Victoria is the centre of this carnage, with five dogs killed after racing accidents this year already. This is despite the Andrews government purporting to have introduced a code of practice in the industry from January 1, backed by a million dollar handout to the industry.

However, racing minister Martin Pakula is keener to spruik the “$11.5 million in grants to the greyhound racing industry” he has provided since late 2014 to expand the industry, and played down recent sickening revelations of more scandals in Victoria.

The attitude of the Victorian industry to the casual euthanising of injured dogs is reflected in the fact that the industry body, Greyhound Racing Victoria, cheerfully describes dogs that have been killed for incurring injuries as “retired”.

Latinize, a dog killed on January 8 in Ballarat after fracturing her radius, is “retired” according to GRV. Ditto Bakali Jet, killed the same day at the same meeting for suffering a fractured radius.

The death toll is almost as great in Queensland, where four dogs have been killed so far this month.

The Queensland government also likes to talk of its handouts to the greyhound racing industry — it recently boasted of funding a $39 million track that would be the “nation’s most advanced”.

This government has at least accepted the extensive research which shows dog injuries can be significantly reduced by using straighter tracks; however the evidence of how restriction of racing numbers to six reduces injuries has been steadfastly ignored.

In NSW, where a dog was killed on January 3 in Wagga Wagga after breaking its neck, the backdown of the NSW government from Mike Baird’s initial ban on greyhound racing is now almost complete. As part of Baird’s cave-in to the industry, its far-right media supporters and a cynical Labor opposition, Baird promised “whole of life” dog management to track racing dogs and their ownership.

The so-called Greyhound Welfare and Integrity Commission (GWIC), which took over greyhound welfare in 2018, in turn promised that “a whole of life-cycle tracking system for greyhounds will also be developed”. In its strategic plan, the commission committed to “introducing whole-of-life monitoring to identify welfare risks across the greyhound life cycle and support compliance”.

But it turns out that the body charged with protecting the welfare of greyhounds in NSW think dogs’ lives end when their trainers dispose of them.

Last October, GWIC added the caveat that “greyhounds that retire and are re-homed with a non-industry participant will not be included on the register. New owners will be responsible for registering these animals on the companion animals register.”

That means that greyhound racing owners can simply sell, or give, their dogs to a third party as a “companion animal” and the poor dog will vanish from even this limited attempt to monitor its welfare.
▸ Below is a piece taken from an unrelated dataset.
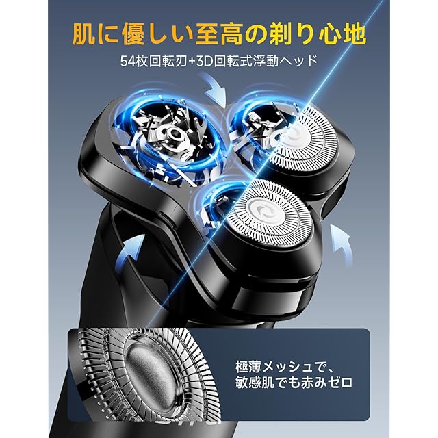 【3つの回転ヘッド、54枚の刃でスムーズな剃り心地】3つの回転ヘッドと54枚の高精度な刀刃を搭載。これにより、細かい毛や太い毛もしっかりキャッチし、素早く均等に剃り上げます。さらに、肌に優しく、刃が肌に直接触れないため、敏感肌の方でも安心して使用できます。

GWIC has thus opened up a perfect mechanism for dog disposal for the greyhound racing industry, which slaughters thousands of unwanted racing animals a year while making a pro forma attempt to re-home a few hundred.

When the NSW Animal Justice Party’s MLC Mark Pearson asked about how this squared with the government’s commitment to whole of life monitoring, he received a nonsensical non-answer from the government that GWIC is committed to whole-of-life tracking.

The NSW government’s real priorities instead are reflected in its pride that it is now funding the world’s richest dog race.

The CPG says if governments won’t ban racing, they can at least cut the huge death toll from owners eager to kill dogs sustaining treatable injuries. CPG’s Dennis Anderson says:

If they won’t ban greyhound racing, governments must implement transparent whole-of-life tracking, so greyhounds can’t be ‘disappeared’ anymore. They must implement funding for greyhound rescues and sanctuaries, so wastage is not an issue, as well reduce breeding. They must increase penalties for greyhound cruelty and they must make tracks safer.

Based on the first weeks of 2020, it seems like governments couldn’t care less.